**DESCRIPTION OF THE TASK**: Would you copy the listing below exactly, keeping the pictures out?

**DATA BELOW**:

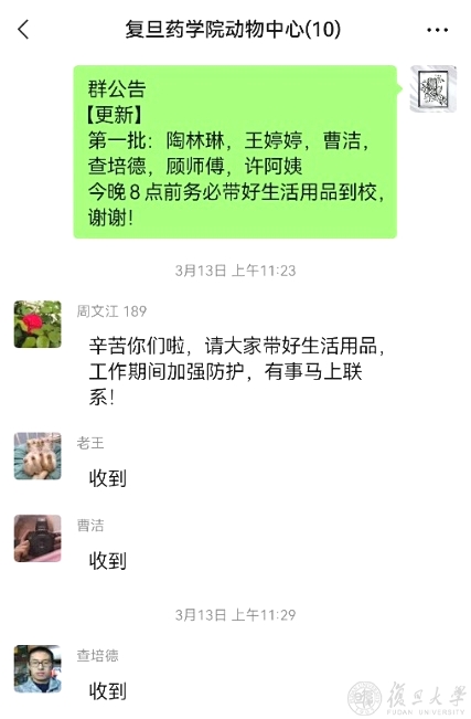 3月13日,校园面临准封闭,急需专业人员进校保障实验动物饲养及保障。接到通知的第一时间,动物中心全体老师就紧急动了起来:迅速确定基本需求、排摸人员情况、确定名单、通知到位、筹措物资、迅速集结。从通知下来到人员到位,仅用半天时间。
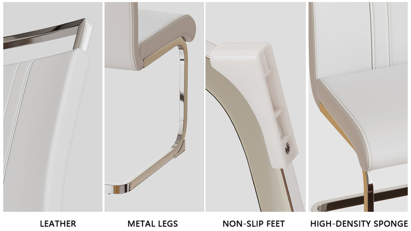 - 8.Durable and sturdy: The sturdy white leather dining chair is equipped with a C-shaped silver plated base, creating a unique modern appearance. The bottom has scratch resistant plastic feet to prevent damage to the floor.
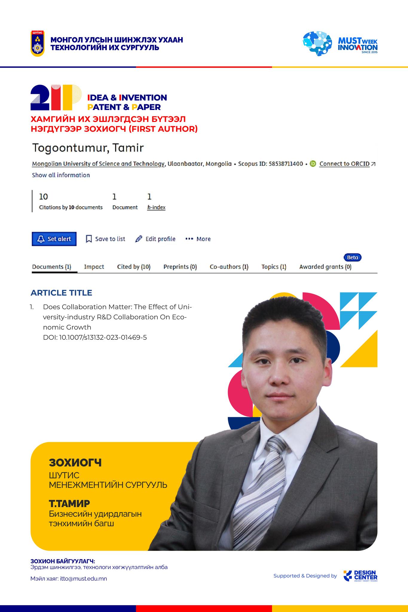 Хамгийн их эшлэгдсэн бүтээлийн нэгдүгээр зохиогчоор ШУТИС-Менежментийн сургууль-ийн багш Т.Тамир

**FINISHED EXERCISE**:
 3月13日,校园面临准封闭,急需专业人员进校保障实验动物饲养及保障。接到通知的第一时间,动物中心全体老师就紧急动了起来:迅速确定基本需求、排摸人员情况、确定名单、通知到位、筹措物资、迅速集结。从通知下来到人员到位,仅用半天时间。
 - 8.Durable and sturdy: The sturdy white leather dining chair is equipped with a C-shaped silver plated base, creating a unique modern appearance. The bottom has scratch resistant plastic feet to prevent damage to the floor.
 Хамгийн их эшлэгдсэн бүтээлийн нэгдүгээр зохиогчоор ШУТИС-Менежментийн сургууль-ийн багш Т.Тамир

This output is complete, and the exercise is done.